|2020-2021 ICS4U-E Tasks|
Project 3.4. Pin Change Interrupt. For your first DER project entry employing the Dolgin Development Board v6 in an off-platform application, you are asked to employ the concept of a Pin Change Interrupt to maintain and display a hexadecimal count on a single 7-segment display.
Also introduced in this project is the concept of resuable code in the form of an external library, consisting of ATtiny84/DDB assets this, and future projects, can draw on. This will shorten your development time and make your functioning prototypes more reliable since they'll be based on proven code.
Your Session 5 supplemetary kit contains both the generic KY-040 from Amazon and RSGC ACES' (fully debounced) Rotary Encoder on breakout boards.
Submit your DER and attach the two code files, by the deadline: Saturday January 30.
Note. I encountered an issue with my own counting that I eventually resolved only after walking away from the task for a few hours and thinking about it. It may be instructive to share the problem and the solution. At certain numbers, the count would either skip over the digit or simply stall out. The numbers were typically 2 and, especially, 8. It dawned on these numbers draw more current than other numbers and the MCU/prototype may be choking on the demand. After placing a 1 μF capacitor across the power rails to support the rapid draw, operations were considerably smoother. Replacing the 5V USB power source altogether, with a 9V AC/DC adapter, appeared smooth the issues out completely. Remember this tip should you ever encounter similar current demand spikes in future projects. Here's a short video that monitors the current draw for each if the digits (20 mA/segment) Current Draw on Counting
Project 3.3. Keypad Matrix Echo. For your first ATtiny84 project of ICS4U you are to maximize your mid-level coding skills in the development of a prototype that echoes button presses on your 12-key telephone keypad onto your small Adafruit 861 8x8 matrix. Each of you has been assigned a 4x3 subset of your matrix as shown below that represents the 1:1 Key→LED mapping. For example, should your user press the '0' key, the LED indicated will light up for 300 ms, only.
Your ATtiny84 has just enough GPIO pins (10) to pull this task off as I describe it below (7 input; 3 output). Furthermore, the code is surprisingly short if done skilfully.
Optional (Advanced) Task.
Some of you may wish to consider going beyond the basic task.
Rather than 1:1 Key→LED mapping, a 1:4 Key→LED mapping could be achieved. What is compelling about this implementation is that it requires a skill you already possess: PoV!
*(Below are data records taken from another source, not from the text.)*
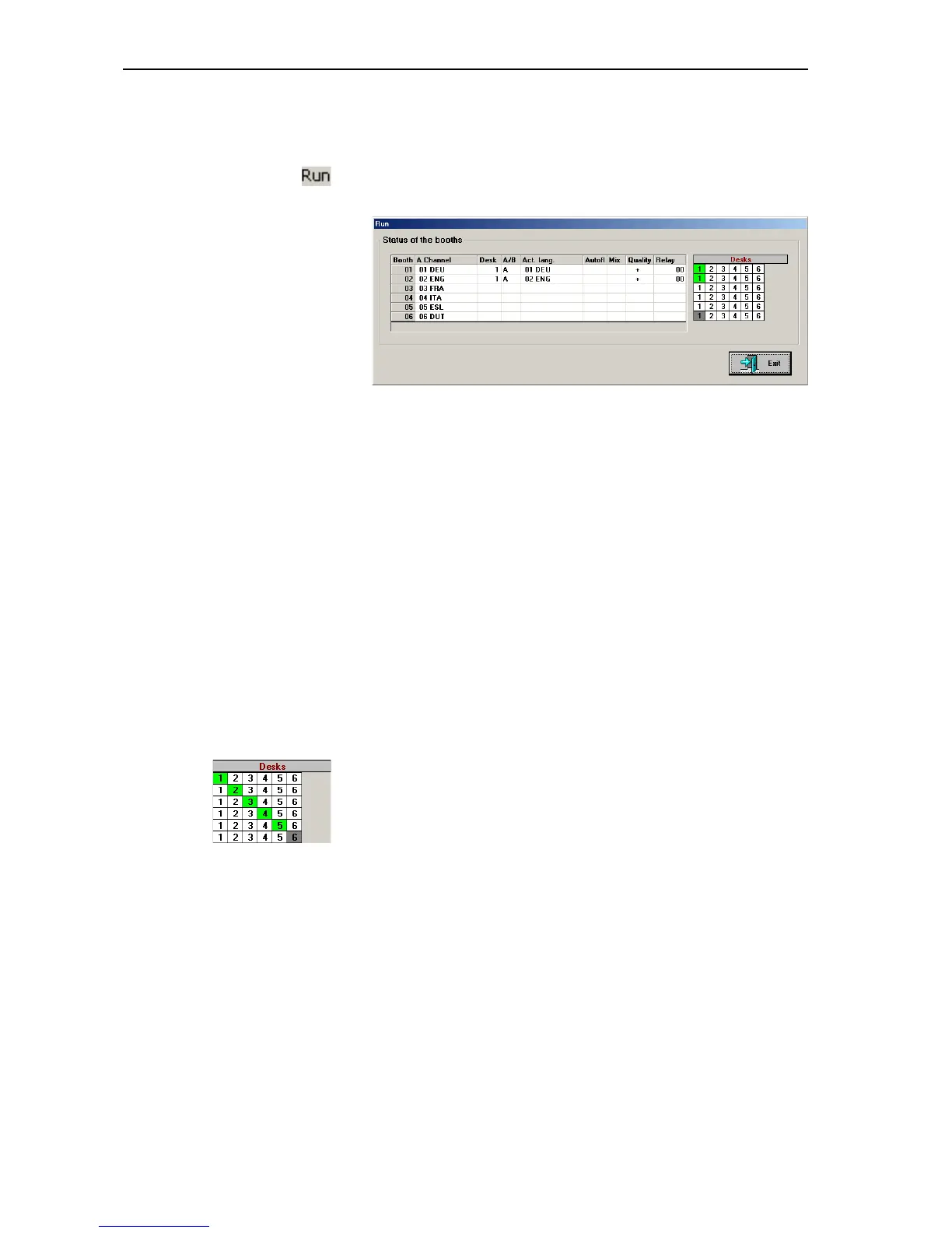 y in the “Desk” column: the currently active console in this booth
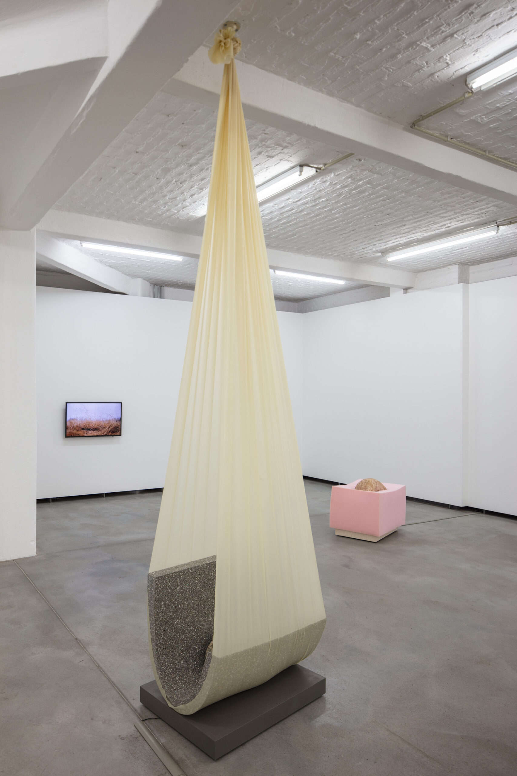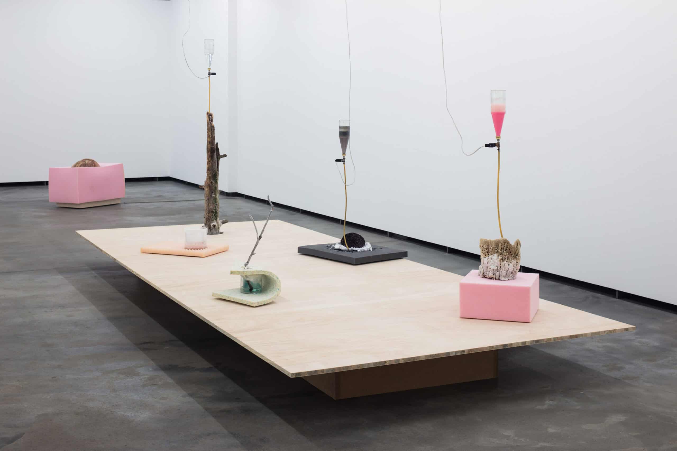 In ihren raumgreifenden Installationen und Interventionen thematisiert Anna Rún Tryggvadottir das Spannungsfeld zwischen Natur und dem von Menschen Geschaffenen. Sie fragt nach möglichen alternativen Erzählungen zur vorherrschenden westlichen Vorstellung, dass Menschen über die Natur regieren und unser Dasein außerhalb der natürlichen Welt zu betrachten sei. Für ihre Arbeit werden Situationen geschaffen, in denen technologisch angetriebene Systeme die kinetischen und zyklische Verhalten natürlicher Elemente ermöglichen und erforschen. Ausgewählte Materialien befinden sich darin in einer ewigen Bewegung oder werden in eine gemeinschaftliche Geste gebracht. Mit An Ode – poriferal phases im Künstlerhaus Bethanien erhalten Besucher erstmals einen breiten Einblick in Tryggvadóttirs prozessbasierte Arbeitsweise. Mit ihrer Arbeit Garden (20017) konstruiert sie eine Topographie bestehend aus Transformationsprozessen, die das individuelle Verhalten ihrer Materialien abseits menschlicher Kontrolle in den Vordergrund stellt und den Raum bietet, ihrer eigenen undefinierten und verletzlichen Darbietung zu folgen. Unter dem Titel An Ode – poriferal phases wird eine Reihe von Objekten aus natürlichen und künstlichen Materialien präsentiert, deren performative Bandbreite oder Präsenz von leblosen bis hin zu verendeten Lebensformen reicht.
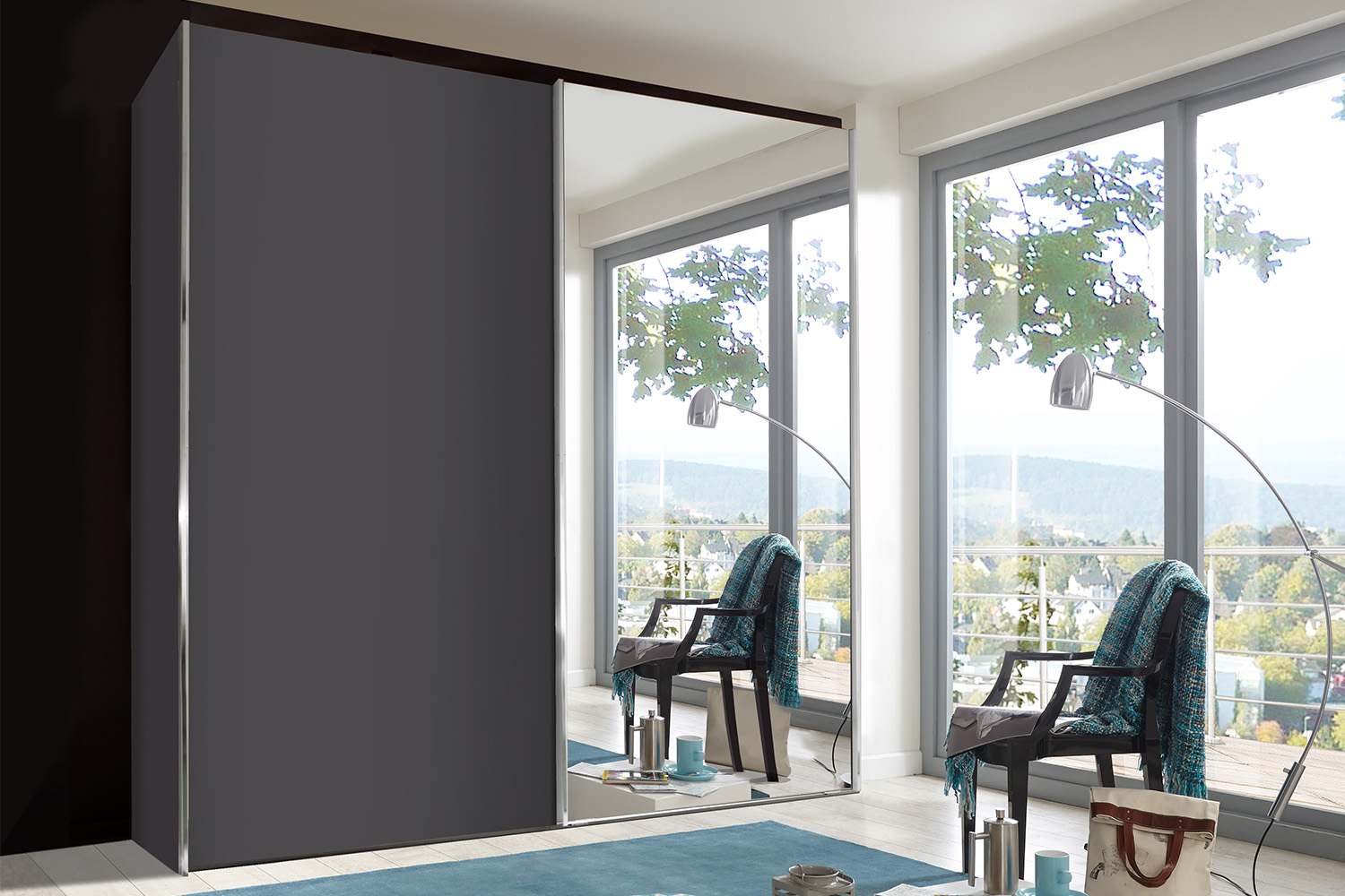 Miami zweefdeurkast 150 cm grafiet met spiegel
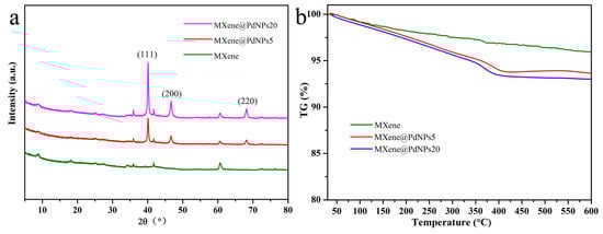 Thermogravimetric analysis (TG) is used to analyze the thermal stability of nanocomposites. It is an important technology for studying functional nanocomposites [24,25,26,27,28]. In order to study the thermal stability of the prepared MXene and MXene@PdNPs nanocomposites, the thermal properties of the obtained nanocomposites were characterized by thermogravimetric analysis. MXene and MXene@PdNPs nanocomposites were tested under nitrogen conditions, as shown in Figure 2b. The obtained three TG curves show that as the temperature increases, the heat loss of the material increases gradually [29]. When the temperature is 400 °C, the heat loss of the material is the largest—about 7.5%. After that temperature point, the loss tends to be flat. As shown in Figure S1b, the TG curve of MXene@PdNPs60 shows similar change tendency, indicating similar thermal stability of the synthesized composite materials.
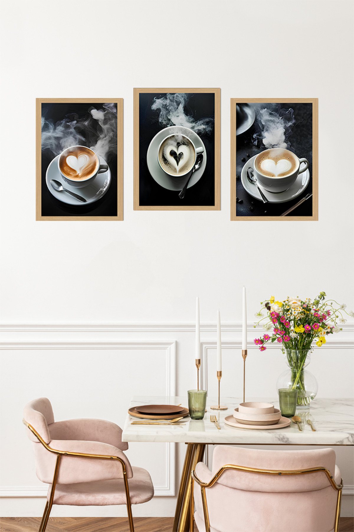 🖼️ Çerçeve Görünümlü 3'lü Tablo Seti – Kahve Köpüğü & Kalp Temalı CRVS1012
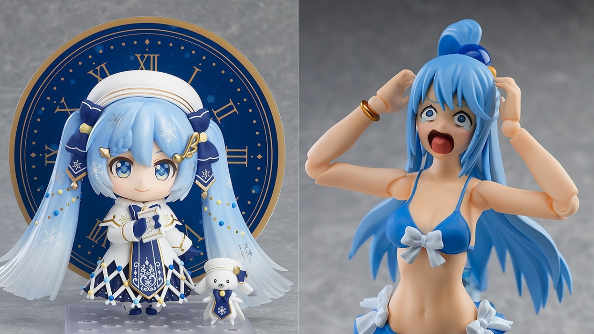 出自動畫《為美好的世界獻上祝福!》,美麗的沒用女神「阿克婭」大人以可愛的冬天造型化為黏土人。替換用表情零件有好勝的「普通臉」、微笑的「笑臉」與可愛的「啜泣臉」。溫暖的「帽子」可自由脫戴。
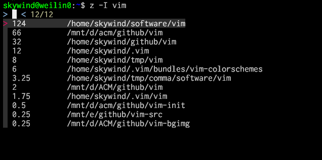 Linux上面有一个很方便的工具,可以通过z 加路径名字快速跳转过去。我们这里说的z jump就是类似的东西,支持Windows (cmder),linux和MacOS。 https://github.com/skywind3000/z.lua
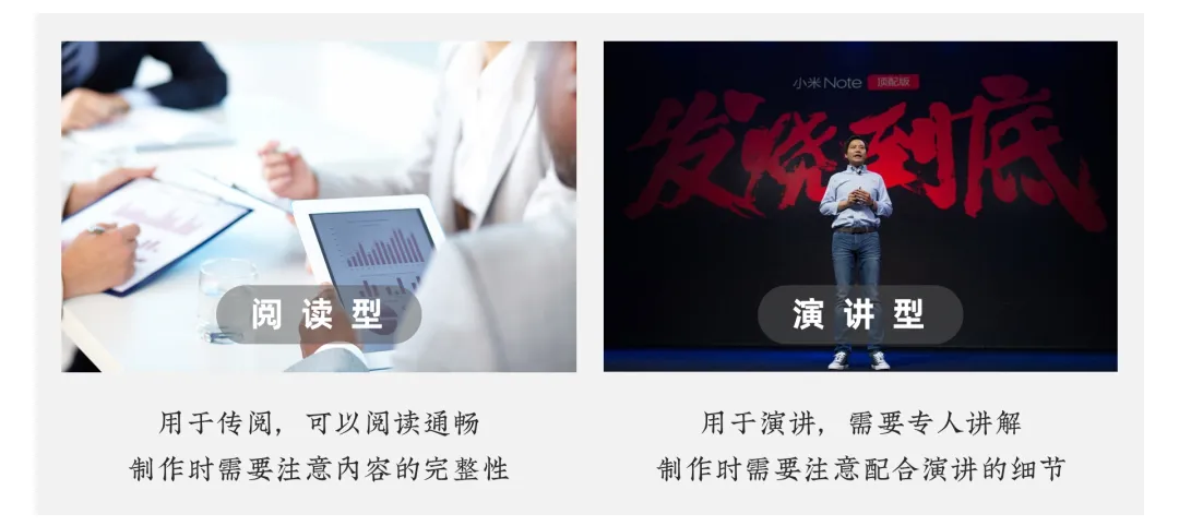 所以,我们并不能单纯用「字多」还是「字少」去粗暴地判定一份幻灯片的好坏。因为不论用哪种类型,好的幻灯片设计往往能够为演讲人提供有效助力,辅助他们更好地进行内容的陈述,所以实际制作中,也要综合衡量并因人而异的去制作幻灯片。并非身边的每个人都是演讲大师,实际演示中,如果演示者是一个并不擅长临场演讲的人,场合又不具备「提词板」的规格,那么将演讲型的幻灯片做成偏向阅读型幻灯片,也无可厚非。我们提倡制作幻灯片时要使用更加精炼的文字语言,但如果他们并不能被改变,我们应该竭尽所能的用幻灯片去帮助他们,而不是逼迫他们。

You have the time; consider it if you are inspired.
Project 3.2. CHUMP. See here.
Project 3.1. GB Machine. The greatest challenge (and I believe, privilege) for ACES is to influence the direction of our program. Through your imagination and skill you are expected to contribute to the enhancement of our mutual creativity, tool set, and assets. G. Benson (ACES' 19) fulfilled this opportunity/commitment through his enhancement of the indispensable PB Machine (P. Bagga, ACES '17). Beginning in the Fall of 2019, Sr. ACES are expected to solder up their own GB machine and put it to good use in the pursuit of their own prototypes.. Your experience with electric circuits has been largely limited to components that use through-hole technology (THT). To round out your proficiency with all components, your next few projects will require the use of devices that use surface-mount technology (SMT). As the graphic reveals, the smallest size that is reasonable for hand-soldering techniques is the 1206 family, so this is what we carry in the DES inventory.